▶ _EXERCISE AIM_
Everything from the line containing "5年生で歯周病についての授業" through the last line of the data below is to be retyped exactly, apart from the pictures.

======== DATA SECTION

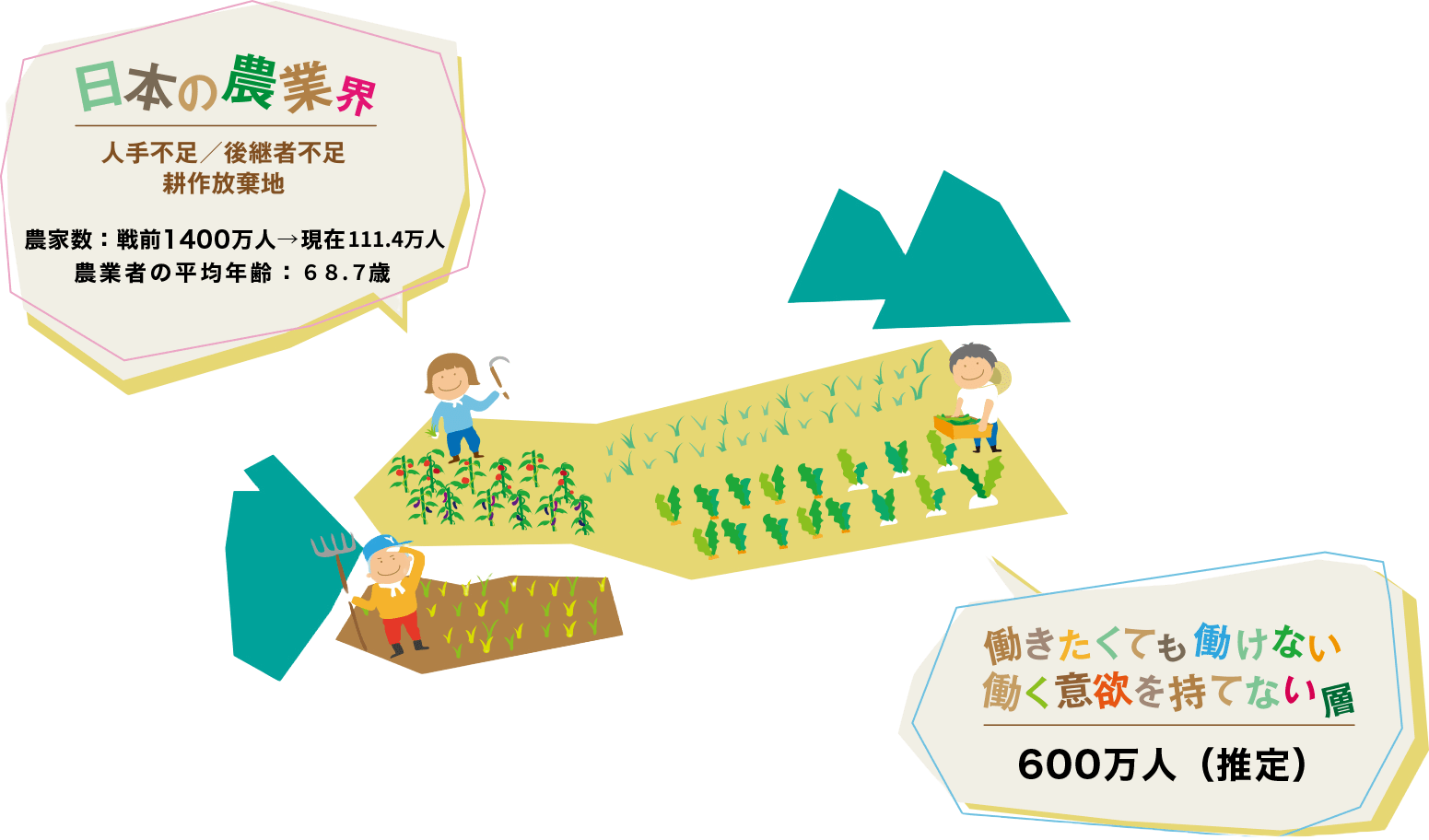 戦前1400万人ほどいた農業の担い手は、現在111.4万人まで減少し、65歳以上の方が全体の71.7%、平均年齢が68.7歳と、高齢化と人手不足で、危機的な状況に置かれています(2024年農林水産省調査)。
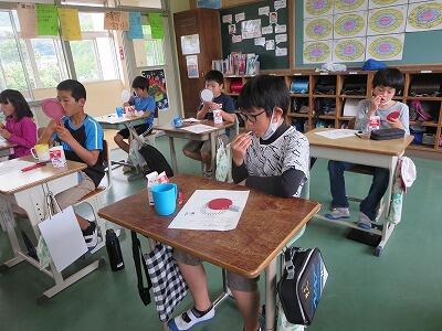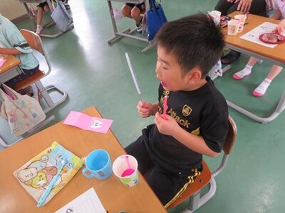5年生で歯周病についての授業を行いました。永久歯がなくなる原因の第1位が歯周病だと知り驚いていました。染め出しで磨き残しがあるところを確認し、歯みがきで上手に色を落とすことができていました
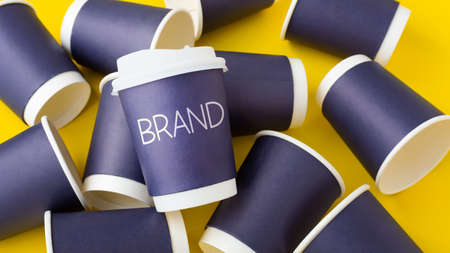 Coffee branding mockup, blue paper coffee cup with brand word on yellow background
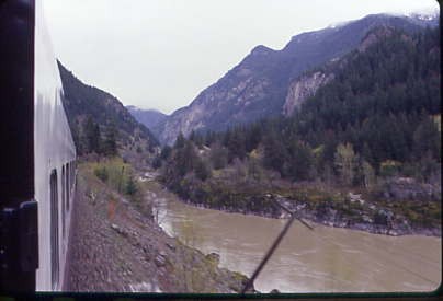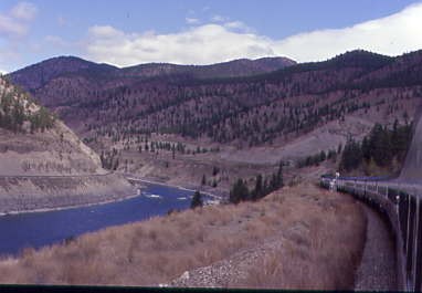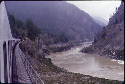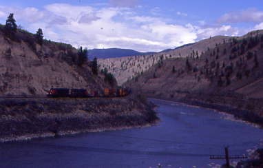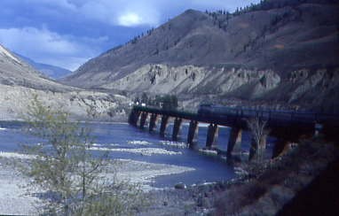 The Canadian National crosses the Fraser River at the junction of the Thompson River and we would now follow the river into the Thompson River Canyon.

================

▶ _WRITTEN SOLUTION_
5年生で歯周病についての授業を行いました。永久歯がなくなる原因の第1位が歯周病だと知り驚いていました。染め出しで磨き残しがあるところを確認し、歯みがきで上手に色を落とすことができていました
 Coffee branding mockup, blue paper coffee cup with brand word on yellow background
 The Canadian National crosses the Fraser River at the junction of the Thompson River and we would now follow the river into the Thompson River Canyon.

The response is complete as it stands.